With regard to the Indians and Coloureds there is an open and considerable amount of rethinking on the part of the whites as to what their position should be in the face of a widening gap of relations between whites and Africans. From various white quarters there is a growing demand that these two groups be allowed to enjoy political rights with the whites. Edgar H. Brookes and Colin De B. Webb go on to say: 'Natalians of Indian descent are in general strongly in favour of integration from which they have much to gain and little to loose; and the same may be said of the small, depressed and divided Coloured community, which contains many good citizens but lacks acceptable leadership.'17
Even from unexpected sources an alarm is being sounded. Delivering his presidential address to the annual conference of the Natal Agricultural Union, Mr D.C. Sinclair expressed anxiety that an independent black state may be established within the borders of Natal.18 He said: 'The reality of the situation can only be visualised if it is believed that the relations between white and black areas will remain of the highest order. At the other end of the scale they are unimaginable.' To secure the position of the whites Sinclair posed the question: 'Should we not now consider ways and means of involving Indian and Coloured farmers in the province in organised agriculture?' In other words, he is posing the question of integration which, if it applies to Natal, should apply to farmers in all four provinces.
The Africans
The Africans constitute the largest racial group numbering 15 069 498 out of a total population of 21 458 837. There is no capitalist class. The reasons for its absence are largely traceable to the conditions that have necessitated the existence of the national liberation forces, not against foreign oppression, not against class exploitation, but against national oppression by a group of their countrymen who claim superiority on the grounds of race and colour.

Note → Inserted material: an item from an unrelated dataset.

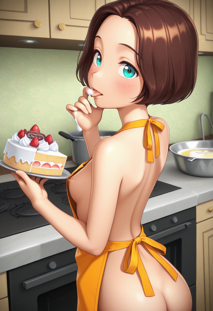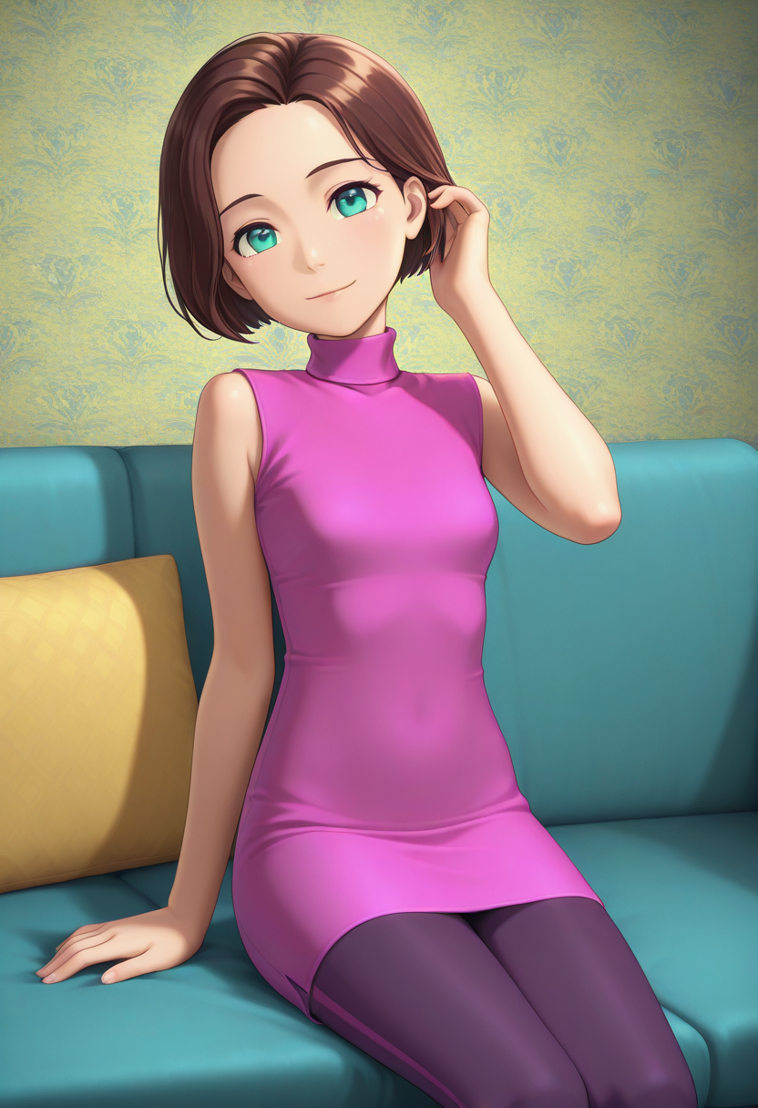 short hair, brown hair, aqua eyes,

The middle class is in the early stages of development, more particularly if we think in terms of the trading class, the medical and the legal profession. The demand to foster the development of a middle class was brought to the fore by the orthodox white liberal thinkers as the struggle for liberation took extra-constitutional forms initiated by the Campaign for the Defiance of Unjust Laws in 1952. The Nat government, nurtured in the Boer tradition that Die Kaffer moet sy plek hou (the kaffir must keep his place), gradually came to realise the need to use more sophisticated means to maintain the dominant position of the White man. As stated by the late Dr J.G. Strydom: Die witman moet altyd die baas bly (the white man must always remain boss).19
The government set up the Bantu Investment Corporation (BIC) and its subsidiaries like the Xhosa Development Corporation that operate at the ethnic or Bantustan level. If we use the monthly turnover as a gauge, the sizes of these businesses may be classified as follows:20
Turnover | Average | |
I One-man-show | R 100 - 800 | R320 |
II Relatively small enterprise | R1 000 - 2 000 | R1 540 |
III Medium sized | R2 500 –5 000 | R4 040 |
IV Large | R6 000 – 30 000 | R10 400 |
The overwhelming majority of those engaged in trading activities operate on a small scale. Even in the case of those that fall in the fourth category, only a small number operate at the higher turnover than the average.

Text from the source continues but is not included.